The Lost Diary of M
Page 19
Everything seems to come down to the Bay of Pigs. That’s what I told V. The Bay of Pigs is like a giant force field emanating from a swamp in Cuba. He looked at me without comment.
APRIL 5
The Company has crept into the veins of power, the plodding machinery of government replaced by the silvery apparatus of assassination. Jack was ready to dismantle the whole stinking house of lies. Only I know this footnote to a colossal tragedy.
APRIL 6
Only I know that an infinitesimally small particle of loss among the infinity of loss in Dallas was a skinny boy’s love for a girl.
APRIL 12
V and I met at the Zoological Park yesterday, inside the Reptile House.
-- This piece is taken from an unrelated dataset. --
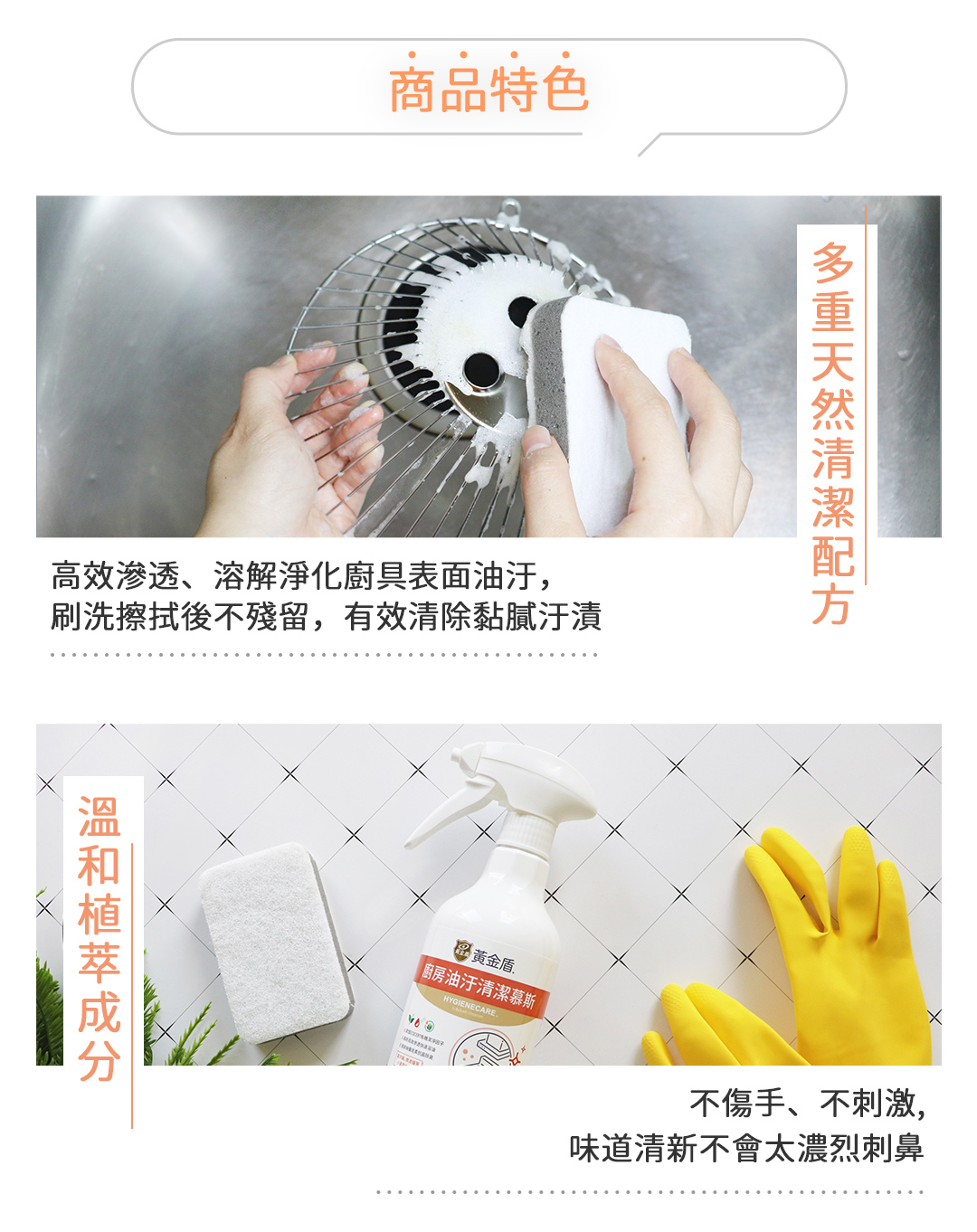 ►注意事項:1.使用前請先參考廚具產品之清潔指示以避免受損,建議先於不明顯處試噴,若無變色變質情形再使用 2.敏感膚質、有傷口或需長時間接觸,建議配戴手套使用 3.如不慎誤食或接觸眼睛,請立即以大量清水沖洗並盡速就醫。

When we dream of horror, we dream in reptile. Lizards and snakes! You are innocent! You are simply victims of our metaphors! And then it all came pouring out.
I told V once again that I was being followed. My phone was bugged. My house had been entered, my possessions rearranged for no apparent reason. There was no longer safe ground for me to walk on. My ex-husband had removed whatever protection I had. Even Katharine Graham had betrayed my mission to transform the world with LSD. But I promised V that I would tell the tale, our dangerous tale, however I could.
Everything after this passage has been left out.